◆ What you are asked to do:
Give the listing again word for word. Leave every image out.

--- Raw data ---

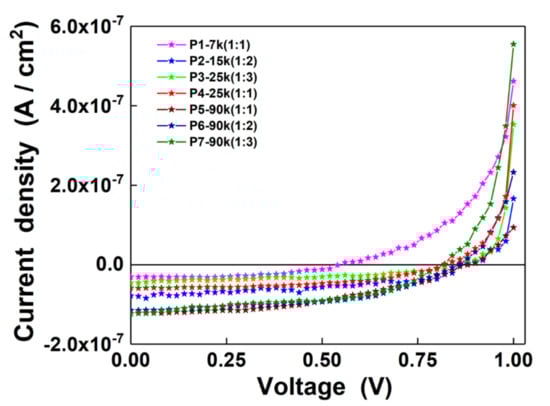 Generally, in the polymeric solar cells, the VOC value is linked to the offset between the HOMO level of the electron donor and the LUMO level of the electron acceptor [56]. Additionally, various studies report that the VOC value can be influenced by the donor/acceptor interface area, light intensity, defect state, crystallinity, morphology, etc. [56,57]. In the case of the VOC parameter, the structure based on P1 (the most thinner film) is featured by the lowest VOC, while, regardless of the DPP-DTT:C60 weight ratio and the thickness of the organic layers, a significant increase in the VOC value was achieved for the other samples when the number of laser pulses increased. A similar result concerning the minimal influence of the thickness of the organic layers on the VOC values is also evidenced for structures based on another conjugated polymer and fullerene-derivative compound, P3HT:PC71BM [58]. As regards the JSC parameter, excepting the structure based on P2, a gradual increase in this electrical parameter was recorded for P1 to P7 samples. Interesting, for all structures based on thicker films (P5–P7 samples), the JSC values are very close being higher than those of the structures involving the thinner films (P1–P4 samples). Several factors such as absorption properties, thickness layer, roughness can be responsible for this outcome. Thus, in the P3 film containing DPP-DTT:C60 in a 1:3 weight ratio, the small content of DPP-DTT and the thickness of the layer result in a weaker absorption which can be associated with a small number of excitons generated in the active layer. From the structures developed on P2 and P6 layers, deposited at different number of laser pulses but both containing DPP-DTT:C60 in 1:2 weight ratio, P2 sample exhibit the best electrical parameters (Pmax) from the thinner films, while the P6 sample presents the best device parameters from the all investigated samples. A similar outcome was observed in the case of thin films based on P3HT:C60 blends deposited by MAPLE using the same weight ratio [27]. Consequently, the addition of C60 can favor the formation of a larger interface between the conjugates polymer and fullerene. A higher increase in the C60 amount enlarges this interface and in the same time, also increases the layer thickness and its roughness affecting the charge carrier transport. Regarding the FF parameter, all investigated samples presents similar values ranging between 0.42 and 0.54, the highest value being obtained in the case of P1 sample (the most thinner film featured by a reduced roughness). The result can be explained taking into account that in the organic solar cell, the FF value is related to the mobility of the carriers, the thickness of the active layer and the morphology of the interfaces [59]. Previously studies shown that a high roughness and a low molecular weight of the DPP-DTT can decrease the electron and hole mobilities, leading to poor device performance, while a high concentration of the conjugated polymer featured also a high molecular weight results in films with adequate electrical properties [14,16,25]. Although the values of the electrical parameters of the developed structures were smaller in comparison with those of the films based on DPP-DTT and the fullerene derivative compounds deposited by spin-coating [14,25,26], they can be improved by modifying the MAPLE process parameters. Hence, by increasing the concentration of the conjugated polymer in the deposition target and by changing the number of the laser pulses, frequency, etc., the absorption properties of the active layers can be improved and their surface roughness can be reduced.
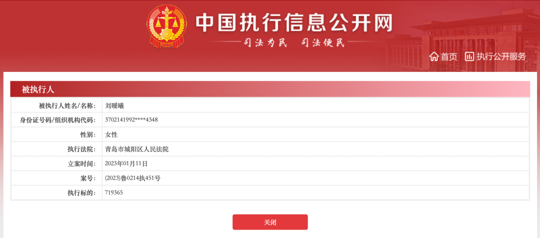 12日上午,长安街知事查询中国执行信息公开网发现,刘鑫(现用名刘暖曦)已成为被执行人,执行法院为青岛市城阳区法院,立案时间为2023年1月11日,执行标的为71.9365万元。
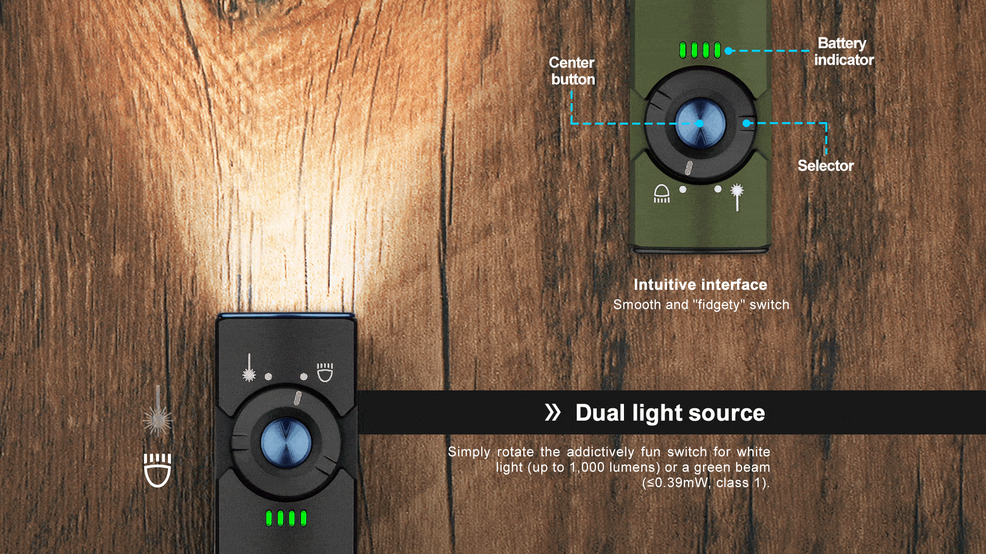 5 brightness levels up to 1000 lumens with memory function. Green laser for pets or presentations. Two color temperatures (cool white and neutral white).
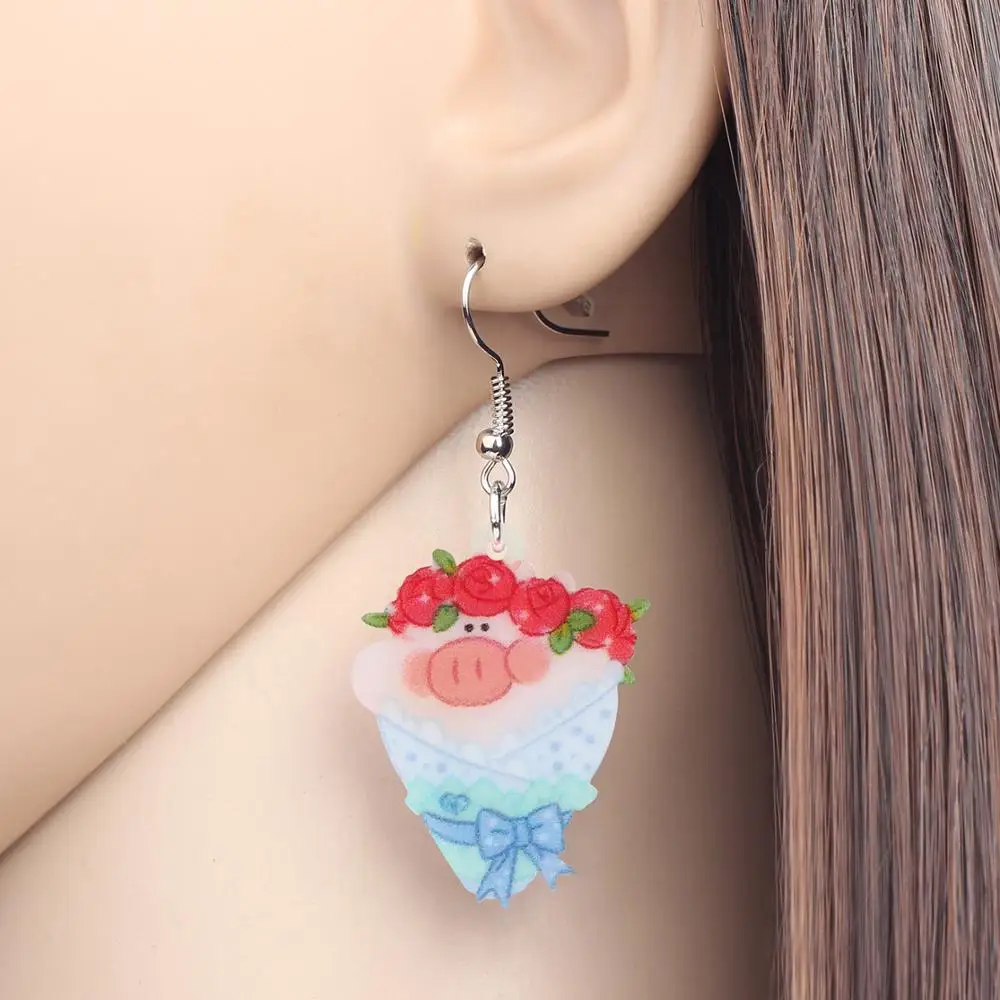 Newei акриловый День Святого Валентина свинья Роза сережки в виде букета животное - купить

---

◆ Answer for this exercise:
 Generally, in the polymeric solar cells, the VOC value is linked to the offset between the HOMO level of the electron donor and the LUMO level of the electron acceptor [56]. Additionally, various studies report that the VOC value can be influenced by the donor/acceptor interface area, light intensity, defect state, crystallinity, morphology, etc. [56,57]. In the case of the VOC parameter, the structure based on P1 (the most thinner film) is featured by the lowest VOC, while, regardless of the DPP-DTT:C60 weight ratio and the thickness of the organic layers, a significant increase in the VOC value was achieved for the other samples when the number of laser pulses increased. A similar result concerning the minimal influence of the thickness of the organic layers on the VOC values is also evidenced for structures based on another conjugated polymer and fullerene-derivative compound, P3HT:PC71BM [58]. As regards the JSC parameter, excepting the structure based on P2, a gradual increase in this electrical parameter was recorded for P1 to P7 samples. Interesting, for all structures based on thicker films (P5–P7 samples), the JSC values are very close being higher than those of the structures involving the thinner films (P1–P4 samples). Several factors such as absorption properties, thickness layer, roughness can be responsible for this outcome. Thus, in the P3 film containing DPP-DTT:C60 in a 1:3 weight ratio, the small content of DPP-DTT and the thickness of the layer result in a weaker absorption which can be associated with a small number of excitons generated in the active layer. From the structures developed on P2 and P6 layers, deposited at different number of laser pulses but both containing DPP-DTT:C60 in 1:2 weight ratio, P2 sample exhibit the best electrical parameters (Pmax) from the thinner films, while the P6 sample presents the best device parameters from the all investigated samples. A similar outcome was observed in the case of thin films based on P3HT:C60 blends deposited by MAPLE using the same weight ratio [27]. Consequently, the addition of C60 can favor the formation of a larger interface between the conjugates polymer and fullerene. A higher increase in the C60 amount enlarges this interface and in the same time, also increases the layer thickness and its roughness affecting the charge carrier transport. Regarding the FF parameter, all investigated samples presents similar values ranging between 0.42 and 0.54, the highest value being obtained in the case of P1 sample (the most thinner film featured by a reduced roughness). The result can be explained taking into account that in the organic solar cell, the FF value is related to the mobility of the carriers, the thickness of the active layer and the morphology of the interfaces [59]. Previously studies shown that a high roughness and a low molecular weight of the DPP-DTT can decrease the electron and hole mobilities, leading to poor device performance, while a high concentration of the conjugated polymer featured also a high molecular weight results in films with adequate electrical properties [14,16,25]. Although the values of the electrical parameters of the developed structures were smaller in comparison with those of the films based on DPP-DTT and the fullerene derivative compounds deposited by spin-coating [14,25,26], they can be improved by modifying the MAPLE process parameters. Hence, by increasing the concentration of the conjugated polymer in the deposition target and by changing the number of the laser pulses, frequency, etc., the absorption properties of the active layers can be improved and their surface roughness can be reduced.
 12日上午,长安街知事查询中国执行信息公开网发现,刘鑫(现用名刘暖曦)已成为被执行人,执行法院为青岛市城阳区法院,立案时间为2023年1月11日,执行标的为71.9365万元。
 5 brightness levels up to 1000 lumens with memory function. Green laser for pets or presentations. Two color temperatures (cool white and neutral white).
 Newei акриловый День Святого Валентина свинья Роза сережки в виде букета животное - купить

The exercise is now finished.